One of the other things that led me to that conclusion was that I felt like I’d always been the worst musician onstage. That’s not a bad thing — Frank Zappa always said his aim was to be the worst musician in the band, to be the person with the ideas, to be the captain of the ship when you’ve got this extraordinary talent to make use of. But it’s different when it’s a band. When you’re in a band and you’re the worst musician — but you’re also the one standing at the front getting all the attention, doing all the interviews, getting all the publishing royalties from the songs — you do inevitably get resentment from the other guys. And sometimes they don’t vocalize it; you just feel it.

I just felt, “It’s time to give it a rest. Time to work with some musicians who will take joy in playing with you and performing your ideas and responding to your suggestions.” I’d begun to feel like it was actually a struggle in the context of the band at that point. In the last couple years, Gavin and Richard have been very vocal about disabusing me of that notion — they didn’t feel that at all, but it was my reality at the time.

 

I assume it’s easier reunite like this when everyone has their own respective projects. You have a very successful solo career, so you already have a songwriting outlet. It reminds me of the situation with Genesis in the ’80s after Phil Collins launched his solo career — all the band members would make their own albums, and then they’d come back to Genesis with a clean slate, so no one was angling to work in their own ideas. 
It’s unusual, though, isn’t it? I can think of perhaps one or two other examples, but they are unusual. Usually the gang mentality dictates that you are not allowed to have a solo career — certainly not a successful one, and certainly not one you give as much weight to. Maybe you’re allowed to go out and do a little side project, but you can’t do out and do a big solo statement and expect to be part of the gang when you come back.

You mention Genesis — for me, Peter Gabriel had to leave that band to make his best work. I believe that was much earlier on in their history, when perhaps it wasn’t something that would be entertained — that the singer could go off and make solo records: “If you’re gonna do that, you’ve gotta leave the band.” But the second time around, it seemed like it was allowed. As you say, perhaps that worked in favor of the band. But it’s very unusual because of that gang mentality. When you’re younger, it’s very frowned upon. It’s no coincidence that we’re all much older now, and we can realize that it is a good thing and can only make the band stronger. We’ve all gone off and done stuff that’s equally successful in its own way. 

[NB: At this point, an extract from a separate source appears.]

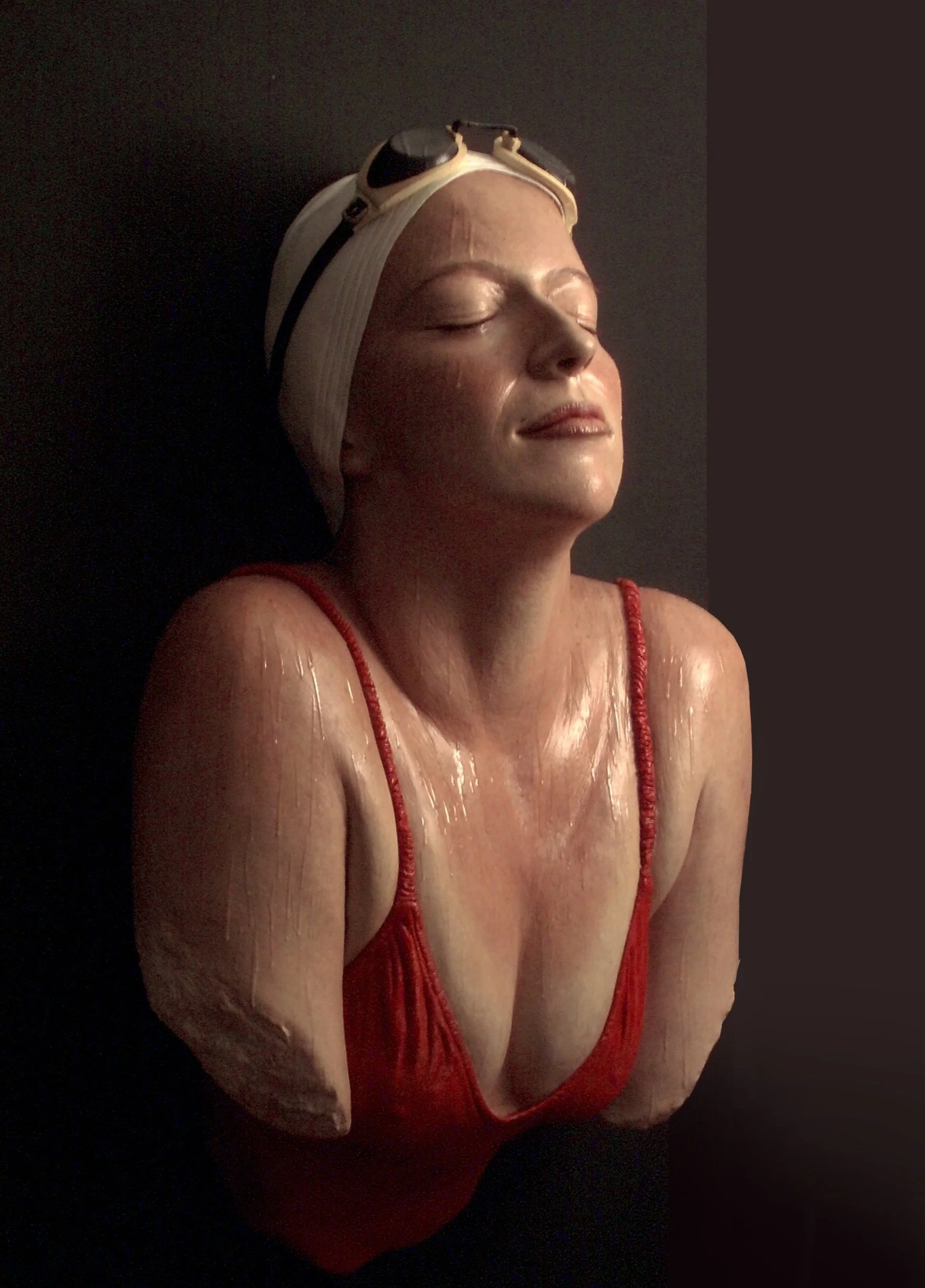 In 1979, while I sat at the beach with my three children, I saw a swimmer. She was emerging like a phoenix from the sea with water droplets streaming down her face. This vision took form in the creation of my first swimmer sculpture, which I named ‘Catalina’. She appears to all as a proud survivor, strong and beautiful. A woman who is fearless.

I’m excited you’ll be reissuing the first Storm Corrosion album this year. I know you get asked this a lot, but…have you and Opeth’s Mikael Åkerfeldt talked recently about making another album?
It is the 10th anniversary, so we’re doing a new version, and we’re gonna get together and do some press to promote it. We even talked about recording a new track for the new edition, but we said, “If we’re gonna do that, why don’t we just do a new record?” So the subject certainly has come up. I think we would love to do something else together. I don’t think we’d do a follow-up to that record. I think we want to do something quite different again. I don’t know what that would be, but I know that’s the way he is and what I am. That record is so perfect and definitive in what it tries to do and what it achieves. It’s a little diamond, I think. And I think a lot of people missed out on it because it’s not what they expected us to do. But I know that for some people that it’s their favorite thing that either of us have done. I’ve heard that more and more. There’s a little cult growing up around that record.